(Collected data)
◆ ◆ ◆ ◆ ◆ ◆ ◆

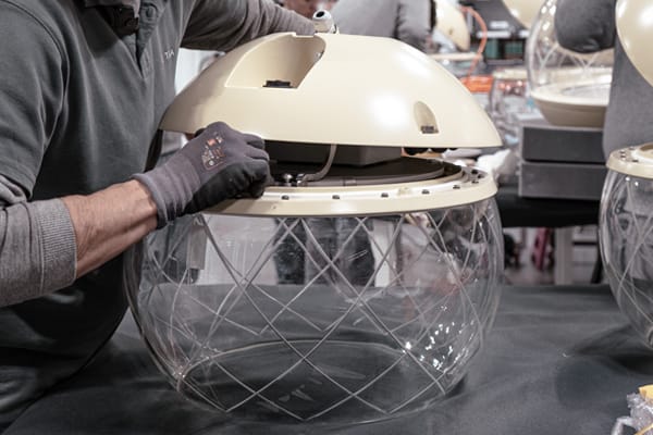 Het armatuur heeft een unieke glazen kap met gravures en voldoet aan strenge eisen op het gebied van duurzaamheid, veiligheid en onderhoud.
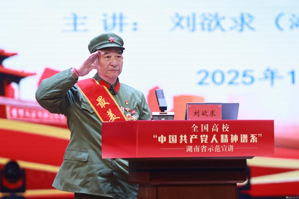 南疆戍边老兵、湖南省最美退役军人刘欲求结合自身经历,生动诠释了爱国主义与革命精神在新时代的传承。他以一名老党员、老战士的深情视角,讲述了军旅生涯中淬炼的忠诚与担当。退伍后,他初心不改,开展数百场宣讲、编写战地记忆手册,让英雄故事代代相传。他勉励青年学子:“要树立远大理想,永远听党话、跟党走,争当新时代的奋斗者,努力掌握为人民服务的过硬本领,将智慧与力量献给强国建设与民族复兴伟业!”
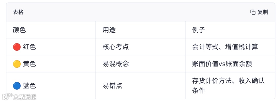 红笔标重点(如存货计价方法)
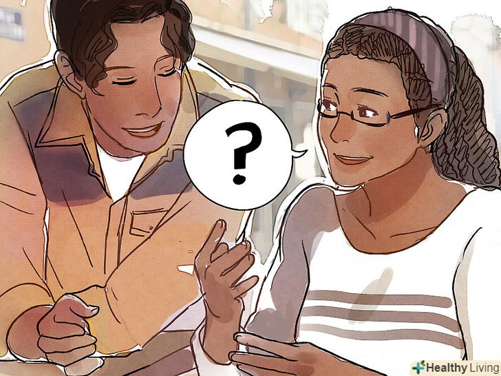 Задавайте питання. після початку бесіди задайте кілька питань. Спочатку вам буде непросто підтримувати розмову. Корисна порада: більшості людей подобається говорити про себе. Задавайте питання, щоб хлопець продовжував говорити. Також це дозволить вам дізнатися про нього щось нове. [3]- Спочатку можна поговорити про Ваші спільні справи. Наприклад: "тобі подобається цей предмет?"або" ти збираєшся грати за збірну школи з футболу в цьому році?"
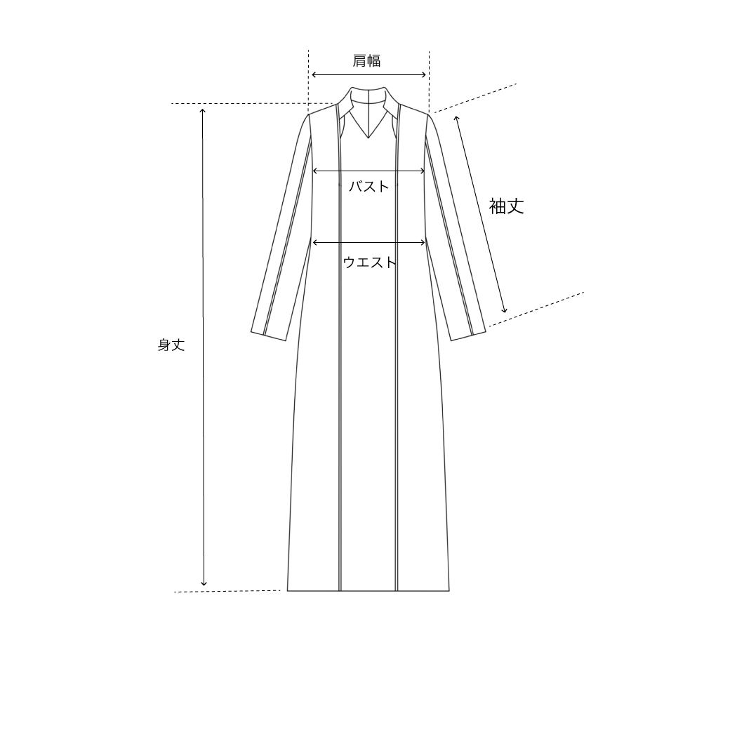 | 身丈 | バスト | ウエスト | 袖丈 | 肩幅 | |
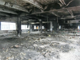 東莞譽(yù)銘新工業(yè)廠房屋安全鑒定項(xiàng)目位于東莞市塘廈鎮(zhèn),2014年委托方委托我院對該房屋進(jìn)行火災(zāi)后結(jié)構(gòu)安全性能鑒定。經(jīng)核查,該廠房為鋼筋混凝土框架結(jié)構(gòu),建筑高度為11.4m,因過火時(shí)間長,導(dǎo)致該廠房受到破損,外墻開裂等情況。其大部分均已被熏黑。過火區(qū)域的主體構(gòu)件受到不同程度的損壞,部分柱構(gòu)件呈粉紅色,有批蕩大面積脫落、保護(hù)層砼剝落現(xiàn)象,板面批蕩有不同程度的起鼓、開裂、脫離及粉碎現(xiàn)象,并抽取部份混凝土構(gòu)件芯樣送專業(yè)檢測單位檢測混凝土強(qiáng)度,以及輔以計(jì)算機(jī)建模計(jì)算。相關(guān)技術(shù)人員根據(jù)現(xiàn)場勘查資料及計(jì)算機(jī)數(shù)據(jù)以及根據(jù)《火災(zāi)后建筑結(jié)構(gòu)鑒定標(biāo)準(zhǔn)》CECS 252:2009的要求對該受損房屋進(jìn)行了安全評估,并編寫了火災(zāi)后房屋安全鑒定報(bào)告書。
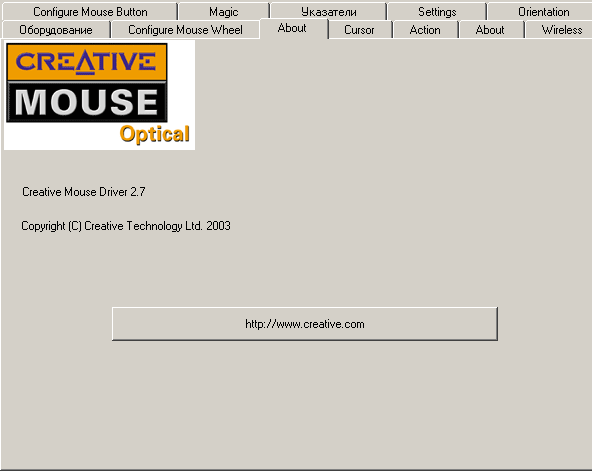 Наконец, закладка About, при помощи которой мы можем узнать версию мышиного драйвера, а также сходить на сайт Creative.
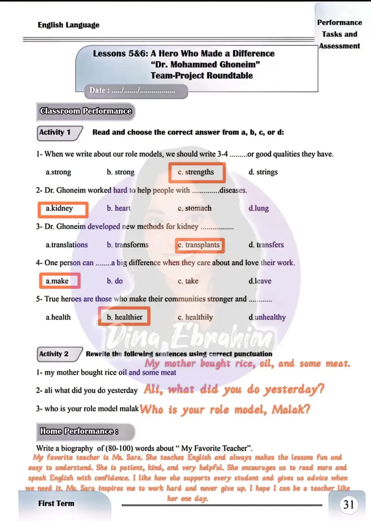 يشمل حل الأداء الصفي إنجليزي أولى إعدادي الأسبوع السادس والسابع ترم أول 2026 عدد كبير من الأسئلة، وكانت الأسئلة والإجابات كالتالي:
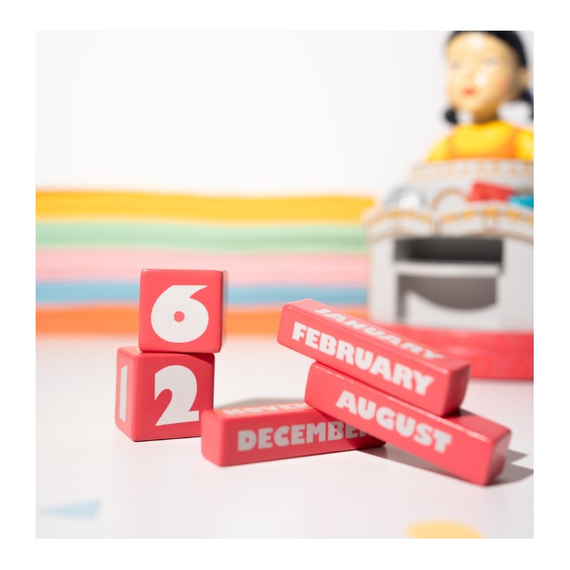 El calendario cuenta con dos bloques para los días y tres para los meses, permitiendo configuraciones infinitas para cada fecha del año. Este sistema se mantiene útil y funcional de por vida, haciendo de este producto una inversión inteligente.

◆ ◆ ◆ ◆ ◆ ◆ ◆

● ASSIGNED TASK: Pictures are not part of the copy. Return every record exactly.

● PROBLEM SOLUTION:
 Het armatuur heeft een unieke glazen kap met gravures en voldoet aan strenge eisen op het gebied van duurzaamheid, veiligheid en onderhoud.
 南疆戍边老兵、湖南省最美退役军人刘欲求结合自身经历,生动诠释了爱国主义与革命精神在新时代的传承。他以一名老党员、老战士的深情视角,讲述了军旅生涯中淬炼的忠诚与担当。退伍后,他初心不改,开展数百场宣讲、编写战地记忆手册,让英雄故事代代相传。他勉励青年学子:“要树立远大理想,永远听党话、跟党走,争当新时代的奋斗者,努力掌握为人民服务的过硬本领,将智慧与力量献给强国建设与民族复兴伟业!”
 红笔标重点(如存货计价方法)
 Задавайте питання. після початку бесіди задайте кілька питань. Спочатку вам буде непросто підтримувати розмову. Корисна порада: більшості людей подобається говорити про себе. Задавайте питання, щоб хлопець продовжував говорити. Також це дозволить вам дізнатися про нього щось нове. [3]- Спочатку можна поговорити про Ваші спільні справи. Наприклад: "тобі подобається цей предмет?"або" ти збираєшся грати за збірну школи з футболу в цьому році?"
 | 身丈 | バスト | ウエスト | 袖丈 | 肩幅 | |
 東莞譽(yù)銘新工業(yè)廠房屋安全鑒定項(xiàng)目位于東莞市塘廈鎮(zhèn),2014年委托方委托我院對該房屋進(jìn)行火災(zāi)后結(jié)構(gòu)安全性能鑒定。經(jīng)核查,該廠房為鋼筋混凝土框架結(jié)構(gòu),建筑高度為11.4m,因過火時(shí)間長,導(dǎo)致該廠房受到破損,外墻開裂等情況。其大部分均已被熏黑。過火區(qū)域的主體構(gòu)件受到不同程度的損壞,部分柱構(gòu)件呈粉紅色,有批蕩大面積脫落、保護(hù)層砼剝落現(xiàn)象,板面批蕩有不同程度的起鼓、開裂、脫離及粉碎現(xiàn)象,并抽取部份混凝土構(gòu)件芯樣送專業(yè)檢測單位檢測混凝土強(qiáng)度,以及輔以計(jì)算機(jī)建模計(jì)算。相關(guān)技術(shù)人員根據(jù)現(xiàn)場勘查資料及計(jì)算機(jī)數(shù)據(jù)以及根據(jù)《火災(zāi)后建筑結(jié)構(gòu)鑒定標(biāo)準(zhǔn)》CECS 252:2009的要求對該受損房屋進(jìn)行了安全評估,并編寫了火災(zāi)后房屋安全鑒定報(bào)告書。
 Наконец, закладка About, при помощи которой мы можем узнать версию мышиного драйвера, а также сходить на сайт Creative.
 يشمل حل الأداء الصفي إنجليزي أولى إعدادي الأسبوع السادس والسابع ترم أول 2026 عدد كبير من الأسئلة، وكانت الأسئلة والإجابات كالتالي:
 El calendario cuenta con dos bloques para los días y tres para los meses, permitiendo configuraciones infinitas para cada fecha del año. Este sistema se mantiene útil y funcional de por vida, haciendo de este producto una inversión inteligente.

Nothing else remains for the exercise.